The National Pork Producers Council (NPPC) joined the Ohio Pork Council and the Ohio Farm Bureau Federation in filing a friend-of-the-court brief in support of Ohio’s effort to reinstate a law that prohibits the importation and hunting of feral swine and wild boar and eliminates the practice of feeding swine garbage in the state.
The groups are asking the Ohio Supreme Court to take up a case involving a hunting business and reverse a state appellate court ruling against the Ohio law. The statute was approved by the Ohio legislature to protect the state’s residents, farmers and businesses from diseases and economic risks posed by feral swine and wild boar.

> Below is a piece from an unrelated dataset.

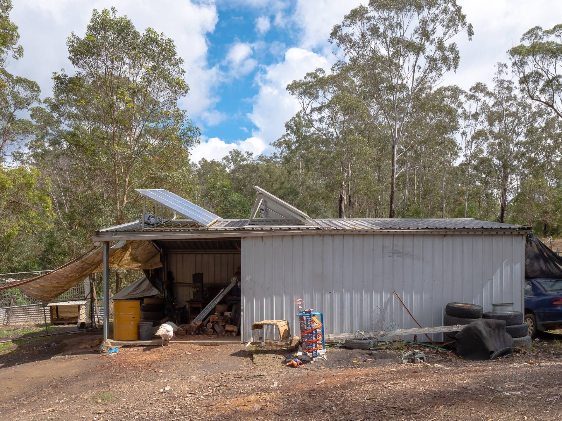 The property has a collection of sheds & yards and a menagerie of pets & animals.

The lower court enjoined the law because it ruled it is unconstitutional under a “void-for-vagueness” doctrine and amounts to an unconstitutional taking from the hunting business.

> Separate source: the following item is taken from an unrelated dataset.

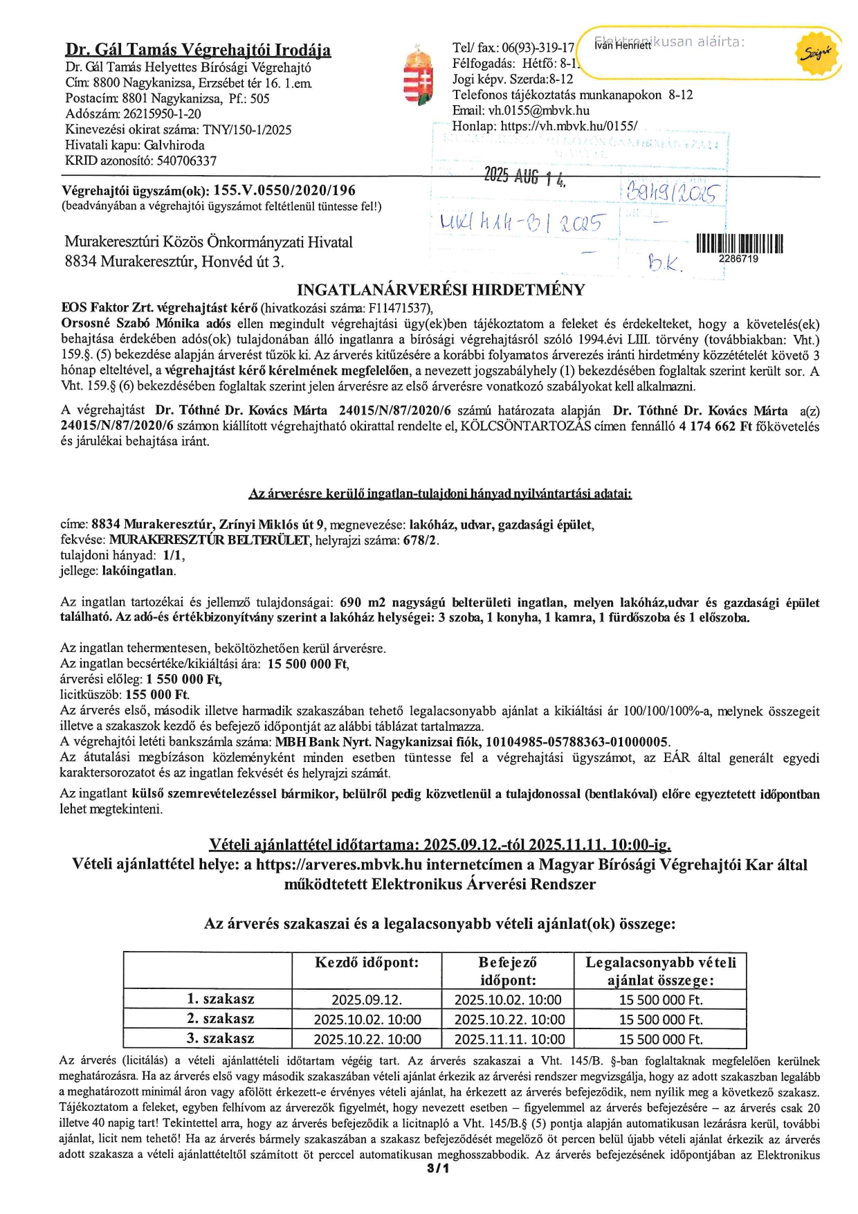 Ingatlanárverési hirdetmény – F11471537

In their brief, NPPC, Ohio Pork and the Ohio Farm Bureau argue that the feral swine law is not vague since it clearly outlaws possessing, hunting and feeding feral swine and wild boar.
“Alleged difficulties in complying with a law do not render [it] unconstitutionally vague,” they said. On the taking issue, the organizations argue that the remedy is not to enjoin the law but for the hunting business to seek compensation under the U.S. or Ohio constitution.

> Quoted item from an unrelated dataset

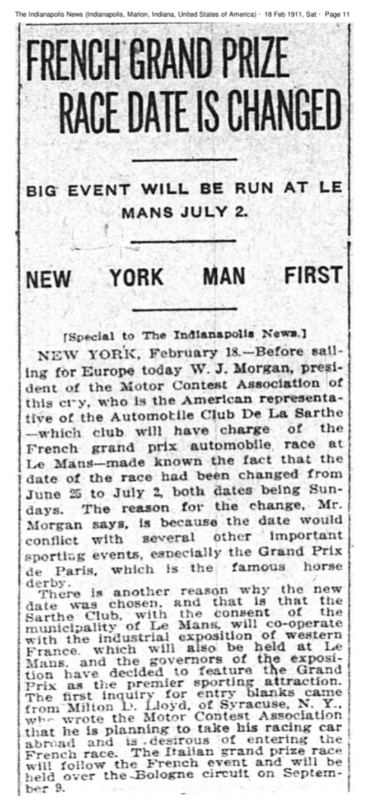 In early 1911 U.S. newspapers report the date for the French Grand Prix:

The groups are asking the Ohio Supreme Court to take up a case involving a hunting business and reverse a lower court ruling against the Ohio law. The statute was approved by the Ohio legislature to protect the state’s residents, farmers and businesses from diseases and economic risks posed by feral swine and wild boar.
They also contend the lower court’s ruling “runs afoul of the State’s interest in enforcing duly enacted laws” and “creates a conflict amongst the [state’s] courts of appeals regarding whether an entire legislative enactment can be enjoined or only the actual statutes that became law can be enjoined.” Click here to read NPPC’s brief.
Why it Matters
Ohio’s feral swine law was intended to protect the state’s farmers and Ohio’s $3.5 billion pork industry from diseases carried by feral swine and wild boar. According to data from the U.S. Department of Agriculture, feral swine and wild boar cause an estimated $1.6 billion in annual agricultural losses in the United States. NPPC and the other groups pointed out that a recent outbreak in domestic pigs of pseudorabies originating in wild boar led to a partial halt of pork exports to Mexico.